Partner Aaron Copland, Jack Kelly

Erik Johns (1927 – December 11, 2001) wrote the libretto for Aaron Copland's only full-length opera, ''The Tender Land.''

Johns was born Horace Eugene Johnston in Los Angeles and began his career as a dancer. When he was 19 in 1946 he met Copland at a New Year's Eve party in New York, and the two began a relationship. Johns remained in Los Angeles with Copland visiting him while working on film scores until 1948, when Johns moved into Copland's house in Sneden's Landing, N.Y. For the next several years Johns was Copland's secretary.

In 1952 Copland and Johns began work on an opera based on ''Let Us Now Praise Famous Men,'' the James Agee and Walker Evans book of photographs of Depression-era sharecroppers. Johns devised the story of a poor farming family in the Midwest changed by the arrival of two drifters, and he wrote the libretto under the pseudonym Horace Everett.

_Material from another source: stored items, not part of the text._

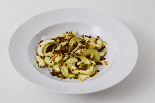 Place both trays in an oven preheated to 180 degrees for fifteen minutes. Then remove and sprinkle the zucchini with baked breadcrumbs and sun-dried tomatoes.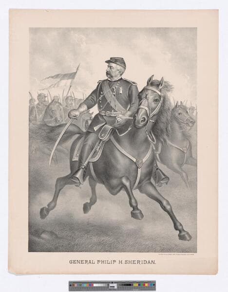- Image of a full-length portrait of American Civil War Union General Philip Sheridan on horseback in military uniform with sword in hand leading cavalry.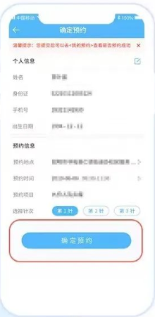 4.提交个人信息:确认个人信息、选择针次

The work was commissioned as a television opera by NBC but was later rejected by the network. The New York City Opera performed it at its premiere at City Center on April 1, 1954, in a short two-act version. Over the next year Copland and Johns expanded it into a longer, three-act version. Copland's only other opera was ''The Second Hurricane,'' a short piece written in 1936.

Copland and Johns parted in 1954 but remained close, and Johns served as an adviser to the board of Copland House, a composer's retreat in Copland's residence in Peekskill, N.Y. Copland died in 1990.

In the 1950's Johns formed the company Party Decorators with Jack Kelly. The company decorated the inaugural dinner of President John F. Kennedy in 1961 and the inaugural parties of President Jimmy Carter in 1977. The two men also ran an antiques business. Kelly died in 1989.

Johns later wrote the librettos for ''Tea Party,'' an opera by Jack Gottlieb, and ''Mission to the World,'' an oratorio by John Schlenck commemorating the centenary of the Vedanta Society of New York, which espouses a philosophy based on Hindu scriptures. Johns became an active member of the society in 1955.

He died on December 11, 2001, in a fire at his home in East Fishkill, N.Y. He was 74. The police said the cause of death was smoke inhalation.